Any sensible form of CDT should hold that an option is choosable only if it maximizes causal expected utility conditional on being chosen. Let permissive CDT be the view that this condition is not only necessary, but also sufficient for choosability.

Observation 1. Permissive CDT validates (DC3).

Proof. Let Cr_i be the agent's credence at point i. Since Cr_i(*) = Cr₁(*/A₁…A_i-1) and the value function is stable, we can replace 'Cr^A₁…A_n' by 'Cr_i^A_i…A_n' in the Lemma's result:

\sum w V (w) C r i A i ... A n (w // A i .. A n) \geq \sum w V (w) C r i A i ... A n (w // B i .. B n)

for any B_i…B_n. QED.

Let best-equilibrium CDT be the view that one may only choose a best among the options that maximise causal expected utility conditional on being chosen, where the relevant measure of goodness is each candidate's expected utility conditional on being chosen.

Observation 2. Best-equilibrium CDT does not validate (DC3).

Here is a counterexample.

Two Buttons. In stage 1, you can choose whether to press a button. In stage 2, you can choose whether to press a different button. A predictor has predicted your choice in both stages. If she predicted that you'd press only the first button, she wired the buttons so that you get $15 iff you press neither button and $12 otherwise. If she predicted that you'd do anything else, she wired the buttons so that you get $10 if you press both buttons and $0 otherwise. You are certain that the predictor has foreseen your choice.

The payoff matrix for your plans looks as follows, where 'P1N2' means 'press button 1 and not button 2'.

	Pred-P1P2	Pred-P1N2	Pred-N1P2	Pred-N1N2
P1P2	$10	$12	$10	$10
P1N2	$0	$12	$0	$0
N1P2	$0	$12	$0	$0
N1N2	$0	$15	$0	$0

The only equilibrium in this decision problem is P1P2. After you've pushed the first button (P1) in stage 1, your decision problem in stage 2 is effectively the top left quarter of the matrix. This problem has two equilibria, P1P2 and P1N2. The second is better. Best-equilibrium CDT therefore says that in stage 2, the continuation of the only ex ante choosable plan P1P2 is no longer choosable.

Implementing a plan

I don't understand the common focus on (DC3). The principle compares ex ante attitudes towards a plan with attitudes towards the plan during its hypothetical implementation, even if that implementation is irrational. If it would be irrational to implement a plan, why should we assume that you should have stable attitudes towards the plan during its implementation? To be sure, if we could show (DC1) – if we could show that any choosable plan is rationally implementable – then (DC3) would have some appeal. But then (DC1) is doing the real work.

Newcomb Insurance With A Coin shows that (DC1) is invalid in best-equilibrium CDT. Permissive CDT escapes the counterexample.

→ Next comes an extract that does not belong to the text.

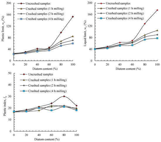 Figure 9 shows how diatom crushing affects the Atterberg limits of the DKM samples. The crushed DKM samples have lower wL and wp values than uncrushed ones. In particular, this difference in wL and wp between crushed and uncrushed DKMs is more remarkable for samples 80D-20K and 100D-0K. The wL values of crushed 80D-20K (58.4%) and 100D-0K (62.4%) are much lower than those of uncrushed 80D-20K (128%) and 100D-0K (175%). This pattern of wL is similar to wp. The results mean that the high wL and wp values for samples 80D-20K and 100D-0K are due mainly to the intact microstructure of the diatoms. As shown in Figure 3h,i, crushed diatom fragments form a chain-like structure that cannot store water, because the water in the crushed diatom can only be stored in the skeletal pores of the fragments and not in the intra-skeletal pores.

It allows you to implement the uniquely choosable plan. Is this always true? That is, can we show the following?

(DC4) If a plan P maximises expected utility conditional on P then each of its acts maximises expected utility conditional on P after the earlier acts have been chosen.

(DC4) resembles (DC2), except that we've conditionalised on P. This ensures that we don't consider the relevant plan as a merely counterfactual alternative, which rendered (DC2) untenable.

(DC4) looks plausible to me. Oddly, I can't prove it without some non-trivial assumptions. The following two assumptions do the job.

Future Determinacy. You are never uncertain about what your future self would choose at later points in the sequence under the supposition that you make a certain choice now.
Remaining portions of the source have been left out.